Task instructions
The required answer is the data below, restated word for word with images omitted.

Collected data
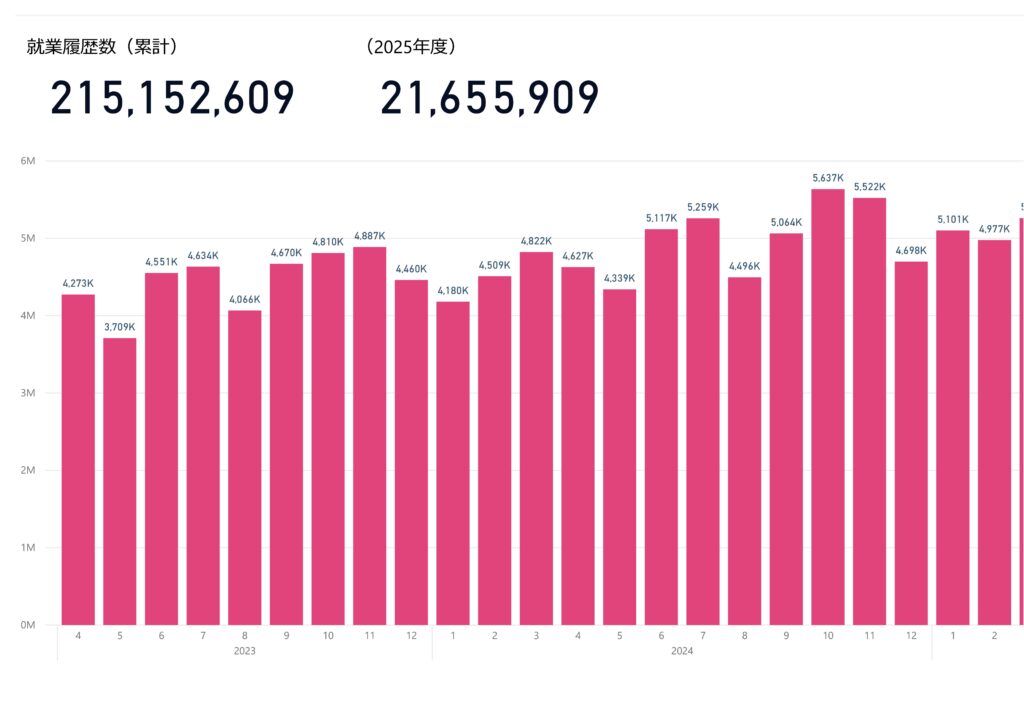 ▷就業履歴登録数 約2億回(215,152,609回)
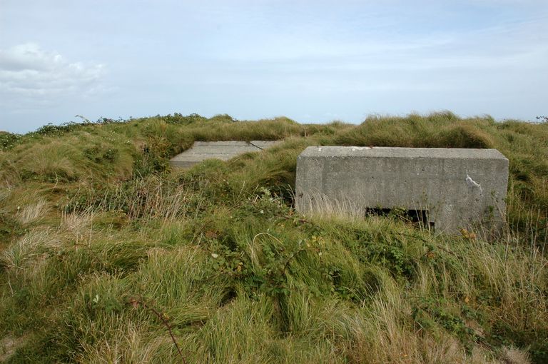 Vue de l'ensemble fortifié du Stiff : position au sud du sémaphore, blockhaus abri à personnels et abri bétonnéImmatriculation
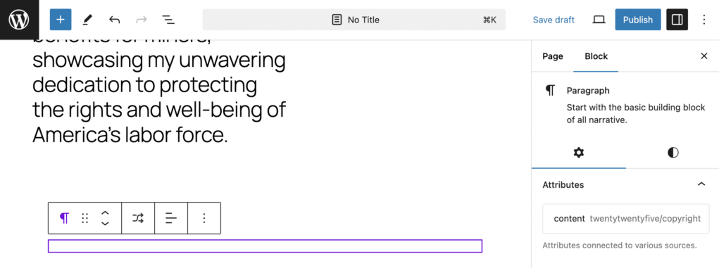在这里,版权样板的 content 属性与  Twenty Twenty-Five 主题中定义的源相连。

Solution to the problem
 ▷就業履歴登録数 約2億回(215,152,609回)
 Vue de l'ensemble fortifié du Stiff : position au sud du sémaphore, blockhaus abri à personnels et abri bétonnéImmatriculation
在这里,版权样板的 content 属性与  Twenty Twenty-Five 主题中定义的源相连。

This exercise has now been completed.